Yoki-so Villa

Wednesday, November 21, 2012

Close to Nittaiji Temple (Japan-Thai Temple) near Kakuozan Station on the Higashiyama Line of the Nagoya subway is the delightful Yoki-so Villa and gardens.

Yoki-so Villa, Kakuozan

Yoki-so Villa was established by Jirozaemon-Suketami Ito, a direct descendant of the Edo Period founder of the Matsuzakaya department store Yudo Ito, in 1918.

Matsuzakaya started life in Chayamachi in Nagoya before the kimono fabric business expanded to Tokyo and Kyoto.

Suketami, who supposedly chose the site for its fine views of the moon, began to assemble historic buildings that were owned by the Matsuzakaya business as well as other note-worthy buildings deemed worthy of preservation.

Yoki-so Villa, Nagoya

The first building moved to the site in 1918 was the Sansho-tei, a small tatami-mat room with tokonoma alcove from the original Ito home in Chayamachi in Nagoya. The round window has lovely views of the garden.

The Parlor of Yoki-so followed in 1919 and was brought from the site of the present day Matsuzakaya department store in Yaba-cho, near Sakae in downtown Nagoya. Kawakami Sadayakko, the famous Meiji and Taisho-era entertainer once lived here.

Bangaro was designed by the architect Teiji Suzuki and the second floor of the wooden house has a western-style room and part of the former Owari Tokugawa residence first constructed in 1900.

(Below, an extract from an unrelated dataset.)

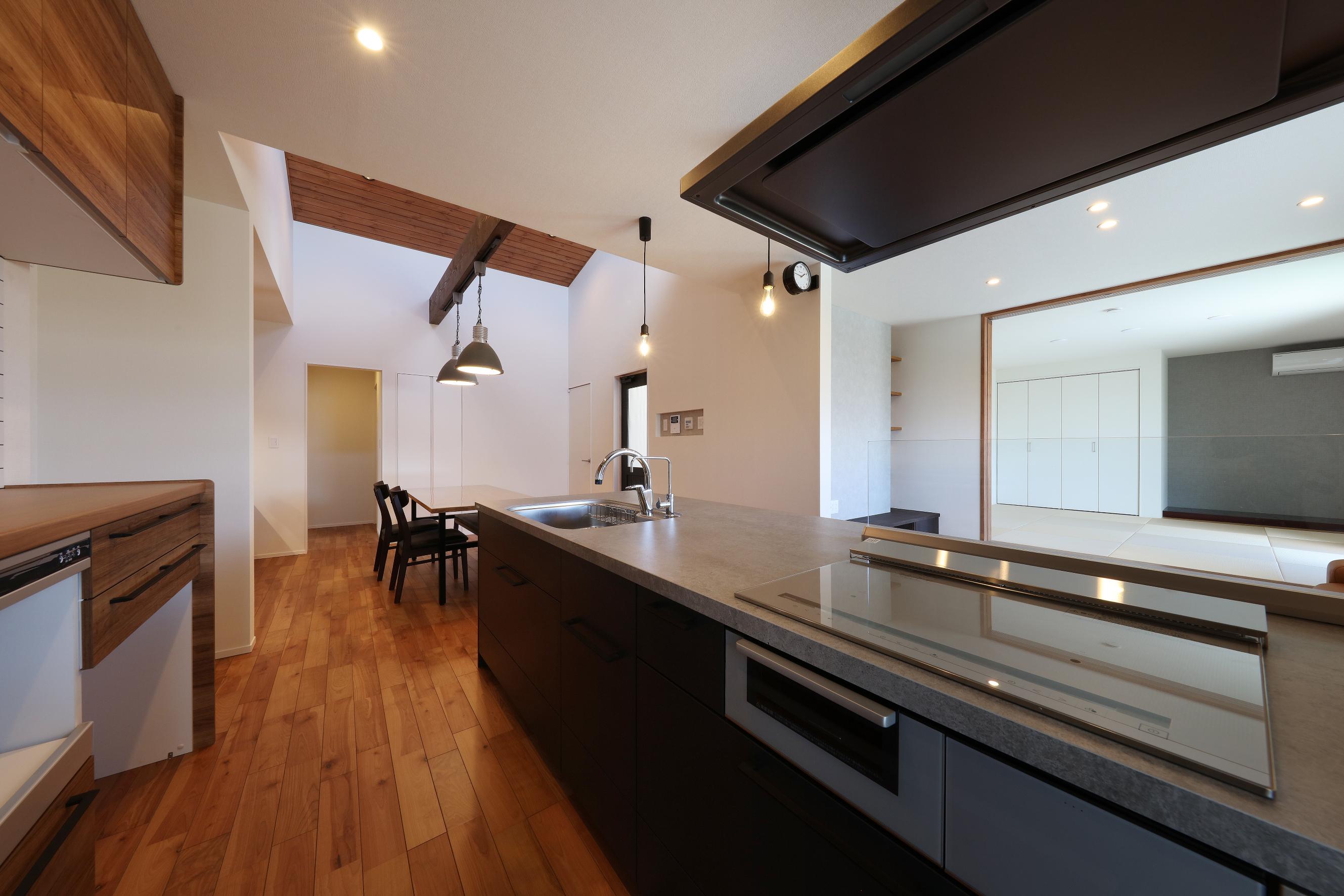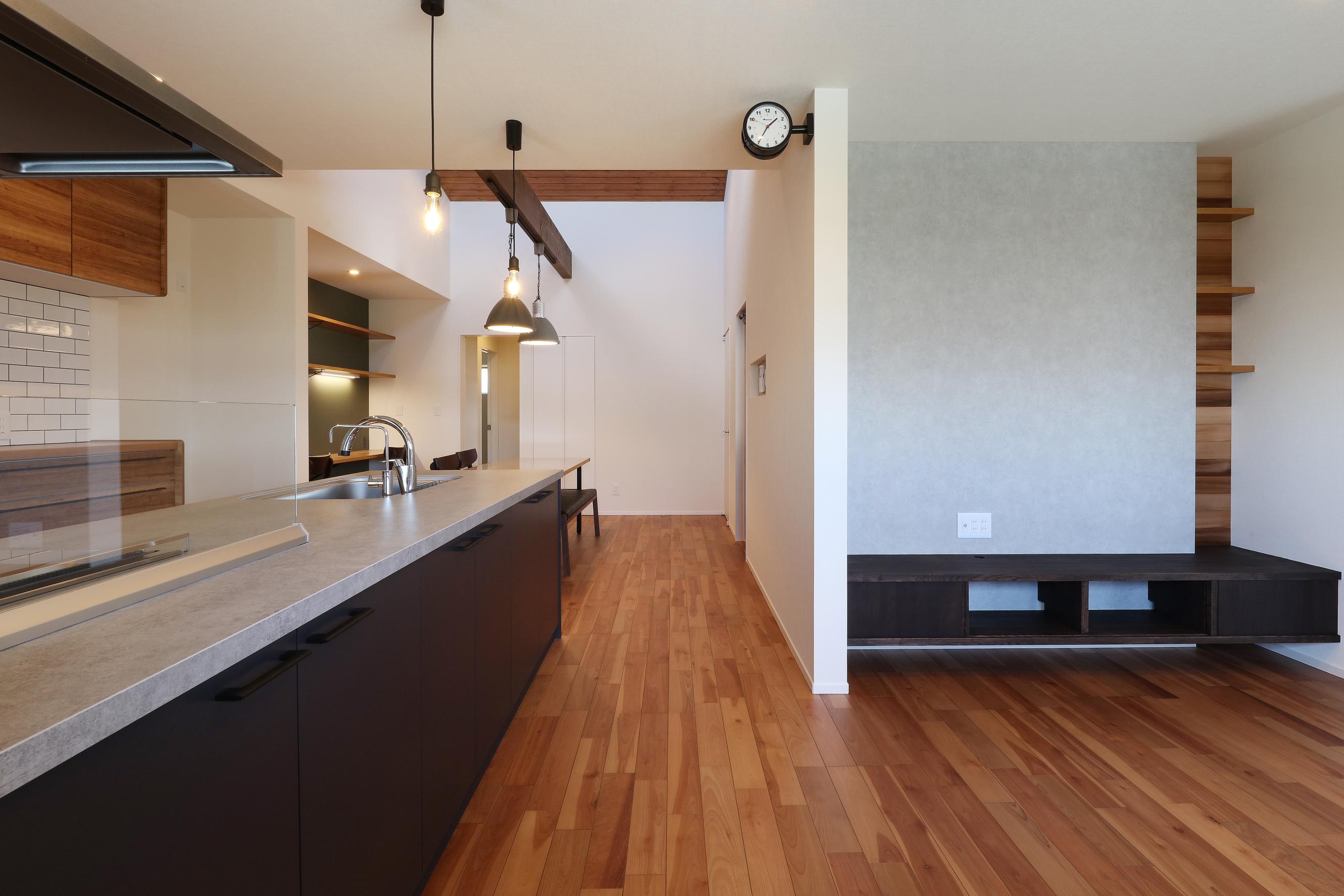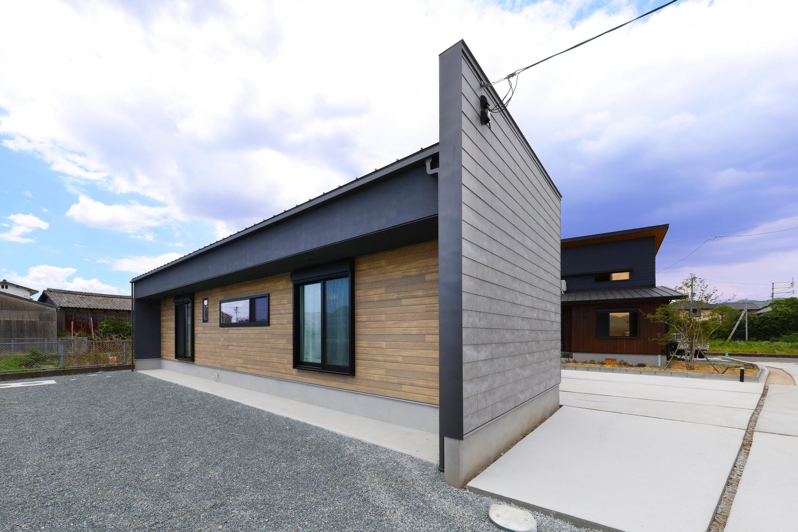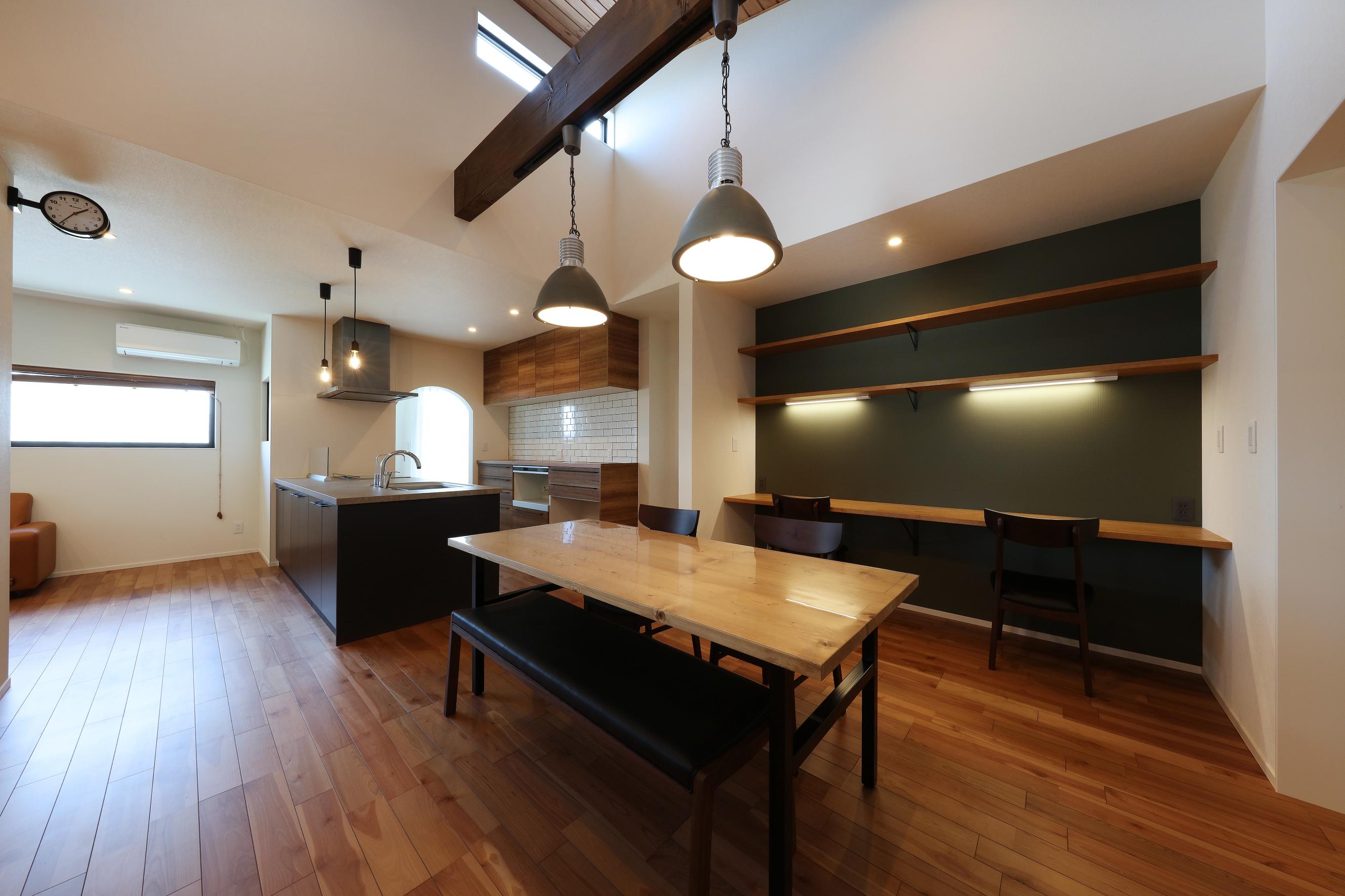 モダンヴィンテージのテイストをベースに、随所に遊び心とこだわりを散りばめた平屋住宅です。 空間ごとに表情のある素材や色合いを取り入れ、住まい全体に落ち着きと個性をバランスよくまとめました。 造作の棚やデスクを各所に設え、暮らしにフィットする使いやすさと居心地の良さを実現。 照明計画にもこだわり、ひとつひとつの照明器具を丁寧にセレクト。住まう人の自分らしさが映える雰囲気を演出しています。

Yoki-so Villa, Kakuozan, Nagoya

Chosho-kaku is a three-storied wooden house with basement built in 1937. The first two floors are done in western style with a Japanese-style third floor and the basement decorated with Indian murals by an Indian artist. The basement also contains a curved wooden stage where Suketami would stage performances for the entertainment of his friends and guests.

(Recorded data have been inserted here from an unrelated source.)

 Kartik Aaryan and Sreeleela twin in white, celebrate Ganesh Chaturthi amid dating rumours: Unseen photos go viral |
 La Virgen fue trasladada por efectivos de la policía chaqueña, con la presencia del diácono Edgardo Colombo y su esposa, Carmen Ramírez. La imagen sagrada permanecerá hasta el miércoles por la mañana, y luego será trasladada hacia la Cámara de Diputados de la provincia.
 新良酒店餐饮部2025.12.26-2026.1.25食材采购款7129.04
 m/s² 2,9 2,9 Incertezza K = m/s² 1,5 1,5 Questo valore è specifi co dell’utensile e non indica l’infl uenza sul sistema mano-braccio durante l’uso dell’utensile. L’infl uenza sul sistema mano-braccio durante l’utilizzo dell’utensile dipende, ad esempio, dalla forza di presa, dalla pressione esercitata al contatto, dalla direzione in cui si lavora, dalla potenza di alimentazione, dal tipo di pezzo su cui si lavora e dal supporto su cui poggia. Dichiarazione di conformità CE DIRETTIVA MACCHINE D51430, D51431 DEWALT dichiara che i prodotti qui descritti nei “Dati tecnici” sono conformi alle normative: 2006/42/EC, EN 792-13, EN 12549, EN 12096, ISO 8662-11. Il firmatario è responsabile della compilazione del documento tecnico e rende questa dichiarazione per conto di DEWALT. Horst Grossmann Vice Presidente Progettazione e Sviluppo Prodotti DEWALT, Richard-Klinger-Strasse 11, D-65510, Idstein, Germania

The garden in which the buildings stand is supposedly a copy of Shugakuin Rikyu in north east Kyoto. A roofed bridge (Hakuunbashi) stands over the central pond.

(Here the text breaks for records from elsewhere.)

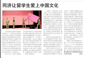 上海是留学生留学中国的首选城市之一。充分利用自身的地域、经济和文化优势,充分调动和整合相关优势教育和文化资源,探索留学生培养的“上海模式”,培养出“知华、友华”的留学生,为上海的未来发展积蓄“知沪、友沪”的国际人才,成为沪上高校在留学生培养工作中追求的目标。同济大学国际文化交流学院通过在留学生中开展中华文化经典作品诵读,让留学生爱上了中国文化。12月11日,同济大学国际文化交流学院举办了首届外国留学生歌咏、诵读大赛。当留学生们伴着非洲歌舞朗诵《三字经》时,中国文化要素似乎一下子具有了现实的动态感; 当李白的 《静夜思》 在带有异域色彩的情景中表现出来时,使人顿有天下共一月之感。其他篇目如苏轼的《水调歌头·明月几时有》、朱自清的《春》、毛泽东的 《七律·长征》、舒婷的《致橡树》、徐志摩的《再别康桥》等,也都被留学生们别具一格地一一歌咏、表现出来。
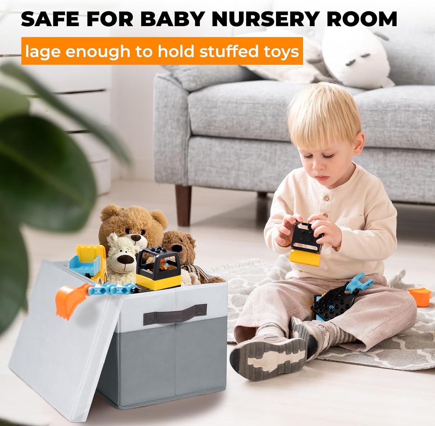 [NO MORE WORRIES ABOUT Quality and Smells] Our storage containers are made of tear-resistant fabric with odorless plastic panels, ensuring reliable durability and security for baby nursery organization. Each totes for storage has two strong handles, capable of holding up to 21 lbs heavy supplies.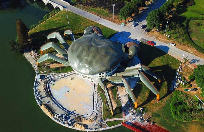 A building in the shape of hairy crab is under construction on the eastern bank of Yangcheng Lake, Kunshan, East China's Jiangsu province, on Oct 31, 2017.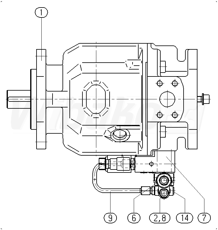 Pompa tłokowa osiowa o zmiennej objętości roboczej A10VS, obieg otwarty, ciśnienie nominalne 280 bar, ciśnienie maksymalne 350 bar. Seria 31. Wielkość nominalna 100 cm3. Ciśnieniowy sterownik hydrauliczny z zaworem odcinającym, sterowany zdalnie

The villa served as a dormitory for Asian students in the 1930s and again as a dormitory for Matsuzakaya workers in the 1960s and 1970s.

Unfortunately many of the original 30 buildings were lost in US air raids in 1945. In the post-war occupation Chosho-kaku was used as a residence for the local US commander.

The Yoki-so Villa hosts occasional cultural events including traditional Japanese music concerts.

Yoki-so Villa
2-5-21 Hoho-cho
Nagoya 464-0057
Admission: Free

Yoki-so Villa is a short walk from Kakuozan Subway Station. Turn right and right again from Exit 1 and walk towards Nittaiji, just before the entrance to the temple turn right and follow the signs.